多くの場合、被害者と加害者代理人と言う立場の互いから加害者側弁護士の行為は被害者に心理的に苦痛を与えるものですが、だからと言って、ただちに懲戒事由に該当するとは言えません。 思い込みや怒りに任せて、懲戒の申し立てをしても意味はありません。懲戒を申し立てる際は、冷静になり、客観的にどのような行為が懲戒事由となるか調べたり、 また、弁護士会に相談した上でやるべきです。

<直接、加害者と交渉することは可能か>
被害者の中には「損保が弁護士を代理人とするのは認めない」と言う人がいますが、弁護士の依頼は加害者と弁護士の合意のみで出来るのですから、被害者が「認めない」ことは法律的には出来ないのです。
それ故、弁護士の頭越しに加害者に直接、請求をした場合は、「架電禁止・面接禁止の仮処分」を提起される可能性があり、刑事事件として告訴される可能性も生じてきます。

<委任状を見せろと言うことは意味があるか>
また、被害者の中には、弁護士に対し本当に加害者の代理人なのかと疑い、「委任状を見せろ」と言う人がおります。しかし、委任契約は委任状が無くても成立し 、また、弁護士が委任を受けず、勝手に動いても報酬は請求出来ないのですから、代理人と偽って動く弁護士がなどあり得ないと言えます。 従って、弁護士に対して「委任状を見せろ」と要求する被害者は弁護士の目から見るとかなり非常識な方と映ることになります。
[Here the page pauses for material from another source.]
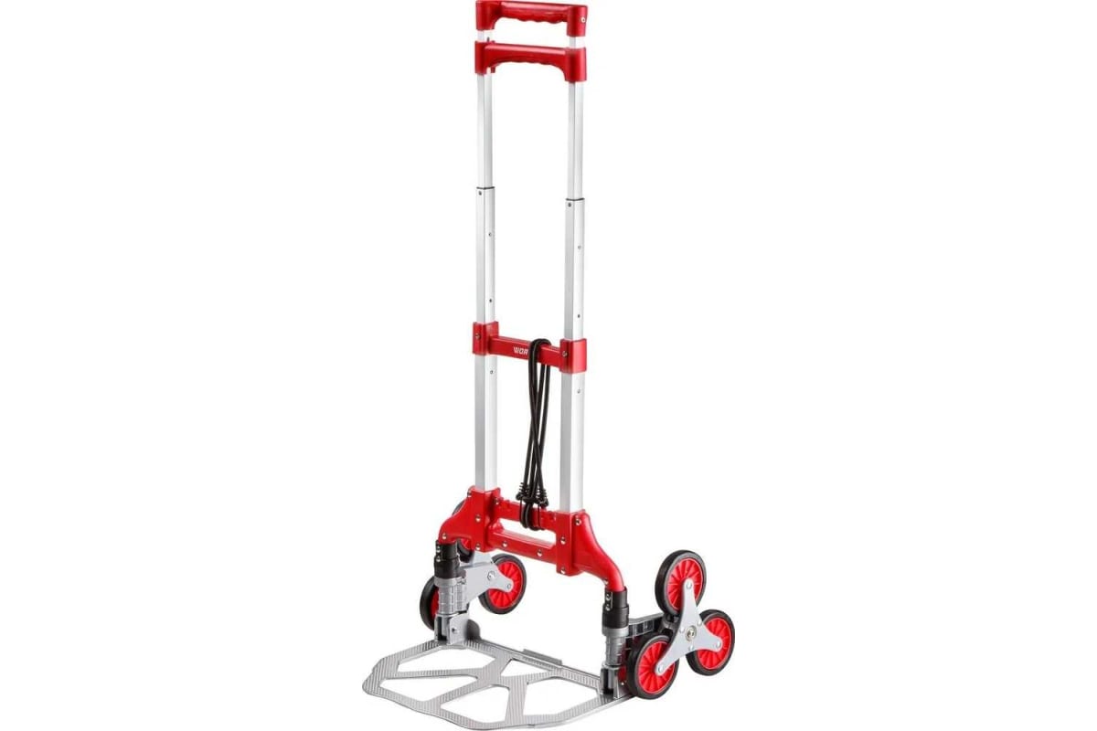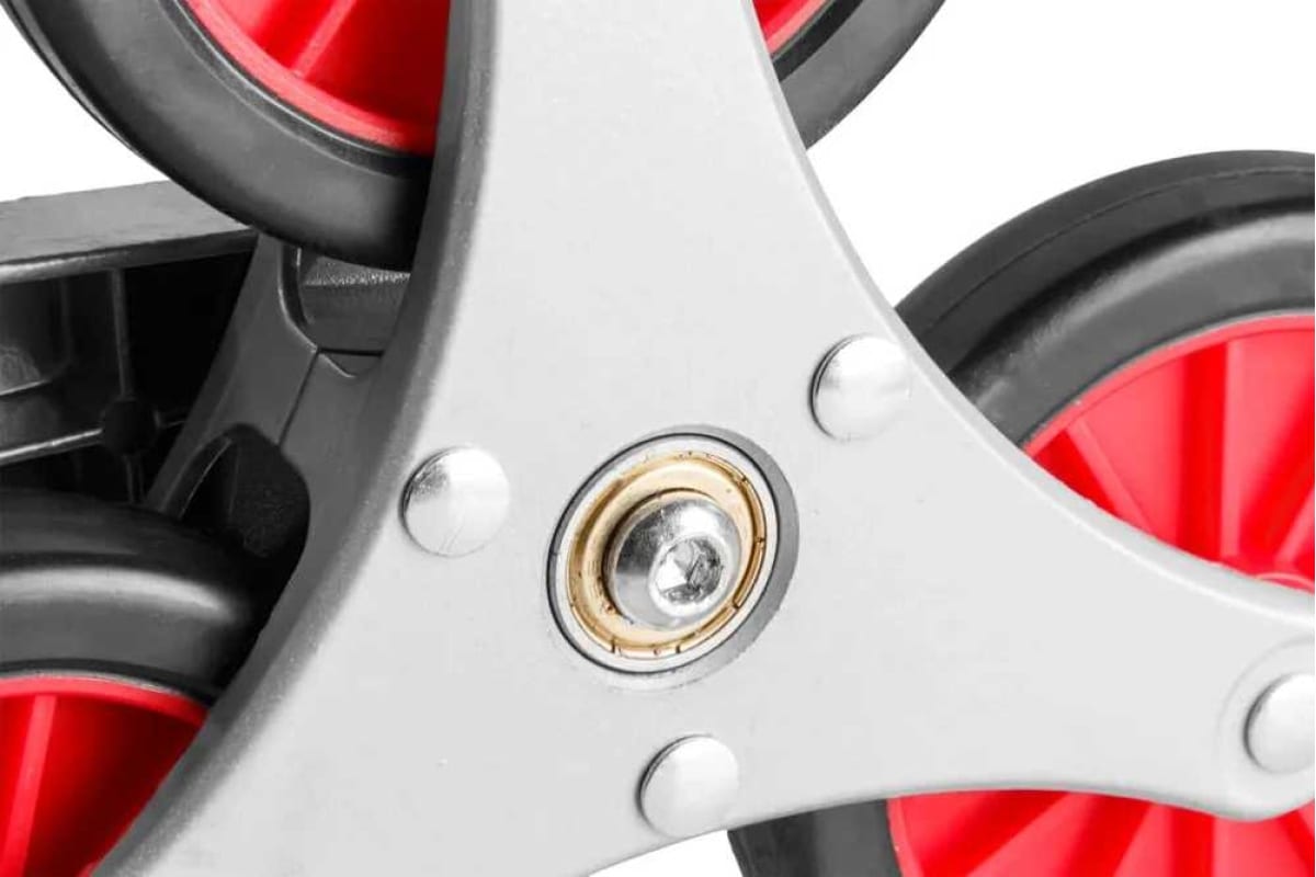 Тележка складная WORTEX FT 1080-6 (1323380) отличается высокой прочностью, надежными соединениями и максимальной грузоподъемностью в 80 кг. Идеально подойдет как для ровных поверхностей, так и для ступеней, за счет наличия 6 прочных обрезиненных колес, установленных на подшипниках.

しばしば、加害者から委任を受けていないのに損保側弁護士から手紙が来たと言って大騒ぎする被害者がおられますが、被害者の勘違いと考えて間違いはないでしょう。弁護士に委任したことを非難する被害者に対して、加害者がその場を収めるためにごまかすことは珍しくはありませんし、加害者がごまかしたからと言って、弁護士との委任関係が解消するわけでもありません。こうしたことにこだわるのは時間の無駄です。

<債務不存在確認訴訟、債務額確定調停を申し立てられた場合>
調停の場合は話し合いが可能であるとの含みがあるので、簡易裁判所に出頭すべきです。被害者は簡易裁判所で自分の言い分を整理して簡潔に調停委員に伝え、調停委員を介して、解決を目指すのがベターです。調停手続きに被害者が出頭しない場合は、債務不存在確認訴訟を提起されると覚悟しておくべきです。

債務不存在確認訴訟を提起されたならば、反訴を提起すべきです。反訴を提起してもしなくても、被害者側が加害者側の過失や自分の損害を立証しなければなりません。であるならば、被害者は自分には正当な損害賠償請求権を有していると裁判所にアッピールするためにも反訴を提起するのがベターと言うことになります。逆に、被害者が反訴を提起しない場合、裁判所は「本当は被害者に損害が生じていないのではないか」と言う疑問を抱くことに留意すべきです。

いずれにしても、債務不存在確認訴訟を提起されたならば、弁護士に相談して対策を講じなければなりません。